Wednesday, November 23, 2016

At least 4 dead, hundreds sickened in Australia asthma attacks triggered by thunderstorm

washingtonpost - A thunderstorm, one of several to strike southeastern Australia during this year’s humid November spring, triggered a rash of asthma attacks across Melbourne on Monday. The deadly respiratory blitzkrieg left families grieving in its wake.

The asthma attacks during the storm claimed at least four confirmed victims: 20-year-old law student Hope Carnevali, pictured above, died while waiting for responders from Ambulance Victoria to arrive. Paramedics struggled to resuscitate 35-year-old Apollo Papadopoulos, who eventually succumbed to the respiratory attack.

Omar Majoulled, 18, died two days before what would have been his high school graduation. A fourth victim, Clarence Leo, was reported deceased early Wednesday.

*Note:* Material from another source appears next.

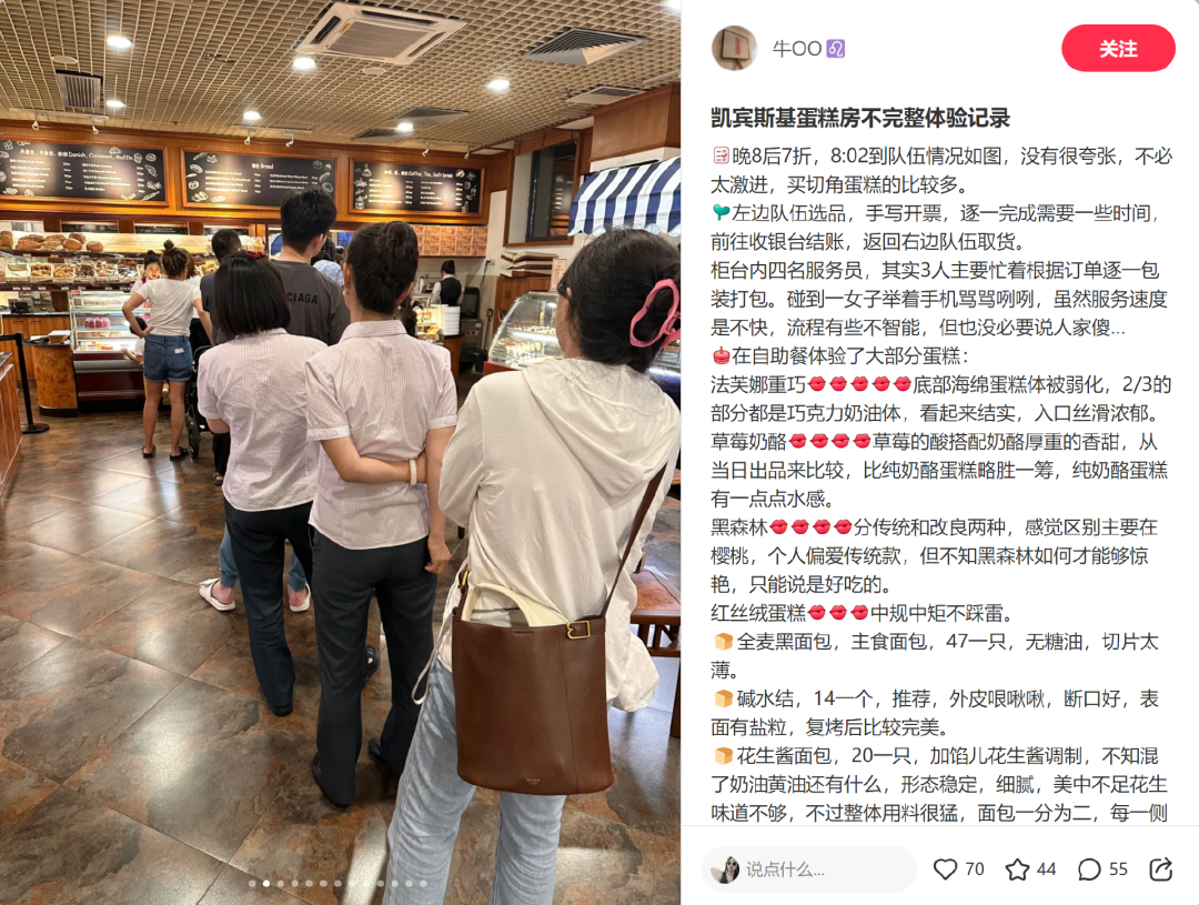 一方面,酒店烘焙的核心競(jìng)爭(zhēng)力在于將“甜品消費(fèi)”升級(jí)為“空間體驗(yàn)”。這種體驗(yàn)經(jīng)濟(jì)與傳統(tǒng)烘焙店“即買即走”的功能性消費(fèi)形成錯(cuò)位,吸引的是追求精致感的客群。另一方面,看重品質(zhì)又面臨消費(fèi)降級(jí)的中產(chǎn)們,則會(huì)是酒店面包和蛋糕等產(chǎn)品的“簇?fù)碚摺薄?/p>
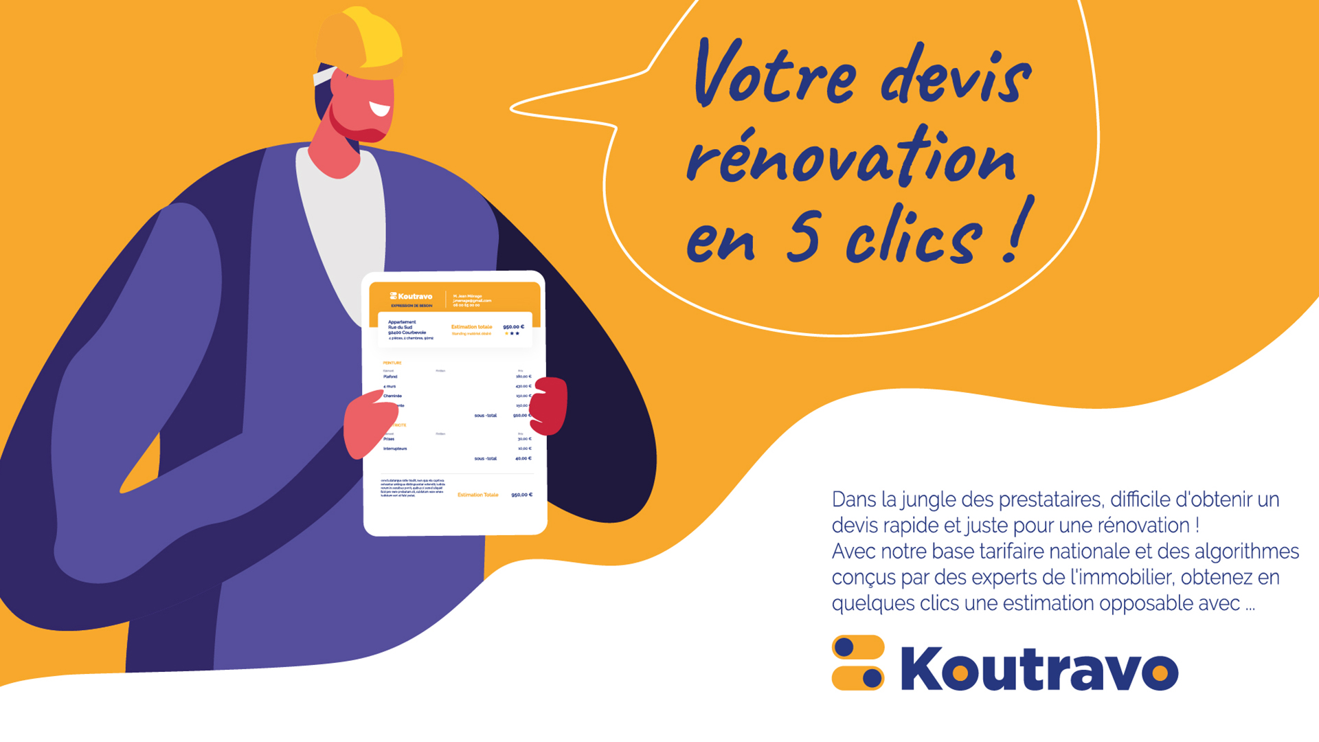 KOUTRAVO, www.koutravo.fr seul capable sur le marché, grâce à ses algorithmes, son IA et ses statistiques, de délivrer de façon facile et ludique, en moins d’une minute, le cout de rénovation détaillé d'un bien, aux prix "marché", par pièce, par prestation (embellissements, plomberie, chauffage, électricité, menuiserie, cuisine, travaux énergétiques, étiquette énergétique avant/après travaux, etc.…).

Several more remained in Melbourne’s intensive care units.

The outbreak was severe even for those whose symptoms were mild under usual circumstances. “It felt like an elephant had his foot on my chest for about four hours,” said David McGann, from the Melbourne suburb of Preston, to the Australian Broadcasting Corporation. McGann said his asthma attacks were not normally worrisome, but during the storm they were crushing.

By late Monday night, Melbourne pharmacies had depleted their stocks of bronchodilator medication. Emergency calls flooded in. Carnaveli’s relatives said they waited for more than a half an hour for an ambulance to arrive. “We would have taken her straight there, we wouldn’t have waited,” her uncle, John Carnaveli, told Melbourne’s 3AW Radio.

Between 6 p.m. and 11 p.m. on Monday, Ambulance Victoria fielded about 1,900 calls, nearly six times the usual volume.

“We essentially had a day’s workload within five hours,” said Ambulance Victoria’s executive director, Mick Stephenson, in a statement. “This includes 200 cases for asthma, and we were seeing asthma in people who had not experienced breathing issues before.”

At their peak, 200 calls came within a span of 15 minutes. “That’s a call every 4.5 seconds,” Stephenson said.

Ambulance Victoria put 50 extra ambulances into service, and police and firefighters responded to two dozen calls as well. The state’s Inspector General for Emergency Management announced it would review the spike in emergency demand and Ambulance Victoria’s response.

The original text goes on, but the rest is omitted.